Would-be speakers can begin signing up 24 hours prior to the beginning of the meeting. Online registration ends at 3 p.m., three hours before the meeting starts.
 
Catlin said the experiment is the latest attempt to help make county government more accessible using the Internet.
 
“This is actually a continuation of introducing technology options into board meetings starting with podcasting several years ago, then moving to live audio-streaming several months ago,” Catlin said.
 
Catlin said that people would continue to have the opportunity to sign up in person using pen and paper.
 
When the public hearing is opened, board Chairwoman Ann H. Mallek will alternate between the online sign-up sheet and the physical one in order to ensure fairness.
 
“I don’t want people who register in advance to push out people who turn up in person, but perhaps alternating the online and in-person signup will work,” Mallek said.
 
Other supervisors also have expressed their support for the new option.
 
“I think it’s an excellent process enhancement,” said Supervisor Dennis S. Rooker. “It will eliminate the need for citizens to come to hearings hours before the meeting to sign up to speak when we have a topic for which significant public input is expected.”
 
“I believe it will be convenient and appreciated by many and I am all for it,” said Supervisor Duane E. Snow.
 
One frequent speaker at public hearings said he supports the experiment but remains cautious.
 
“We hope this experiment works well for the general public and is not abused by special-interest groups,” said Neil Williamson of the Free Enterprise Forum. “If it places regular citizens, who may or may not know of the online system, as second class citizens in the back of the line behind those organizations who may have created an email campaign to fill all of the speaking 
spots available, then it is a failure.”
 
Catlin said her staff has weighed the pros and con of allowing online sign-ups.
 
“There is the potential for people signing up online and then not showing up.

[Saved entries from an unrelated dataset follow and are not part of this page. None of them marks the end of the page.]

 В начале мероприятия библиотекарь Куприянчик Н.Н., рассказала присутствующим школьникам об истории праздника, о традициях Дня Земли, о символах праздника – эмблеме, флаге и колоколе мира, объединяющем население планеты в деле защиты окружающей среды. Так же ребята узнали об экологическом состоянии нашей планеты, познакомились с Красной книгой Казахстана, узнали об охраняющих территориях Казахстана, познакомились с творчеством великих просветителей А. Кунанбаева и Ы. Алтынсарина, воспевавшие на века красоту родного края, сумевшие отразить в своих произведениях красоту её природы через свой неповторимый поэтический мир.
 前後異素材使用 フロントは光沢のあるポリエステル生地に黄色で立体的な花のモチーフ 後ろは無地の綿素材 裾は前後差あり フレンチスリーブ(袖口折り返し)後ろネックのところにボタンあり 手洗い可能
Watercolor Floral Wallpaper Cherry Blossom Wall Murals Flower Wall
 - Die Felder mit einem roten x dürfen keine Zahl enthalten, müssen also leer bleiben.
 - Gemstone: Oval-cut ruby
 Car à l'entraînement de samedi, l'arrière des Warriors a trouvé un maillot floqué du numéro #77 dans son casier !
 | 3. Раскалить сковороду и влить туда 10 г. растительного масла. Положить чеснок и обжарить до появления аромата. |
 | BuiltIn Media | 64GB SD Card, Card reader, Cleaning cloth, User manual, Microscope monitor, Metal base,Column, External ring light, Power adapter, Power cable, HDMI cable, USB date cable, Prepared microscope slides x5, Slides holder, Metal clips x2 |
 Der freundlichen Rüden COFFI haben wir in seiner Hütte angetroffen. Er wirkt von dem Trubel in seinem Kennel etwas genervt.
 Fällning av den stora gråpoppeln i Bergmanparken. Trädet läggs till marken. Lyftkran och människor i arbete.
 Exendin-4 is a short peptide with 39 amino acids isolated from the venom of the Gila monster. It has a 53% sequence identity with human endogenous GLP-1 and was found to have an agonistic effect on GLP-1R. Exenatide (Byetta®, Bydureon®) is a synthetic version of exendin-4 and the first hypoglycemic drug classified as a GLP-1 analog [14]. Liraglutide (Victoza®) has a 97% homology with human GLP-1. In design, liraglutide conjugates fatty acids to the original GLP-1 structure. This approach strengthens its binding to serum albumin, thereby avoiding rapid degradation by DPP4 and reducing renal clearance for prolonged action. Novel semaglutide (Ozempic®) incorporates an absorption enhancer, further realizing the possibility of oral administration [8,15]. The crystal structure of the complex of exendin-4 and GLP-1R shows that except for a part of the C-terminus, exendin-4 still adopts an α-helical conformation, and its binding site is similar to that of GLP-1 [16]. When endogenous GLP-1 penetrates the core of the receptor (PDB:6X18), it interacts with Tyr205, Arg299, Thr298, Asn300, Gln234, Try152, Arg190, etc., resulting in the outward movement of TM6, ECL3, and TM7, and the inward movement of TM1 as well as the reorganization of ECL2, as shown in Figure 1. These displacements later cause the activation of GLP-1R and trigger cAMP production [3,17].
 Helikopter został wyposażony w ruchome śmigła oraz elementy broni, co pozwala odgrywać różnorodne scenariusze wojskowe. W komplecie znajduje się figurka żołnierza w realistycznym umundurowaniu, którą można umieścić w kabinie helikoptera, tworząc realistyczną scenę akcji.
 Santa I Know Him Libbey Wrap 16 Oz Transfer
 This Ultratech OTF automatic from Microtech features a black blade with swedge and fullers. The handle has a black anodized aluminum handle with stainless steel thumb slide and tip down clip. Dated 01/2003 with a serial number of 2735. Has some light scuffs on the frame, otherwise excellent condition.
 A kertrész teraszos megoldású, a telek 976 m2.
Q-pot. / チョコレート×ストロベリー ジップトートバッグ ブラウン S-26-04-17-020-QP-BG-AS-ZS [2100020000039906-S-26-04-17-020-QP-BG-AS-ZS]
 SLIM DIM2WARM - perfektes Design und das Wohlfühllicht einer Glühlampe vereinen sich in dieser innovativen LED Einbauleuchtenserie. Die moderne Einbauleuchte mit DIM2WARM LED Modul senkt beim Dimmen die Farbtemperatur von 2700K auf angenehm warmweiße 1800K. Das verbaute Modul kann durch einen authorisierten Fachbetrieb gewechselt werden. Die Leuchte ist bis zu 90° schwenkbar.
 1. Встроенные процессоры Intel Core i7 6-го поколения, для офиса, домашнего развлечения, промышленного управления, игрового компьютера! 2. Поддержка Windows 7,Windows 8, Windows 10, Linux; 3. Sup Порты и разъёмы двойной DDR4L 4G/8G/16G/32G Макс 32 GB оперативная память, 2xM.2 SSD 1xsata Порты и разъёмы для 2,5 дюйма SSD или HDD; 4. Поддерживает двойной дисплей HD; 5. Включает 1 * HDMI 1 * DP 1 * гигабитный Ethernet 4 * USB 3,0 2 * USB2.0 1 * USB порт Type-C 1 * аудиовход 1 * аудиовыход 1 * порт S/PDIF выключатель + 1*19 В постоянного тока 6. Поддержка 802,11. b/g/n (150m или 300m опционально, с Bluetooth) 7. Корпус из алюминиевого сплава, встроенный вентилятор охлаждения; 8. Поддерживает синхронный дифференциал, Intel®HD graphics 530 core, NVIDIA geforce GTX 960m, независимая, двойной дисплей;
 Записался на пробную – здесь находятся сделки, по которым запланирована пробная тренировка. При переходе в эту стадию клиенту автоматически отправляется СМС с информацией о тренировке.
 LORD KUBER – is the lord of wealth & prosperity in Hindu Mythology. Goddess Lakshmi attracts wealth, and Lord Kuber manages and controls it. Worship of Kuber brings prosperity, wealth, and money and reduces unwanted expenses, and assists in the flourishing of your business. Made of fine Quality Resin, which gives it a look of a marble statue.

We actually already have that possibility now with people signing up in advance and then leaving the meeting before their turn,” Catlin said. “If they don’t show up, we will simply skip them and go on down the list to the next person.”
 
The public hearings scheduled for this week include amending an ordinance to disallow open burning of trash and special-use permit hearings for two cell phone towers.
 
A fourth public hearing — to consider a special-use permit to allow for Castle Hill Cidery to hold events with as many as 3,000 attendees — has been postponed until January.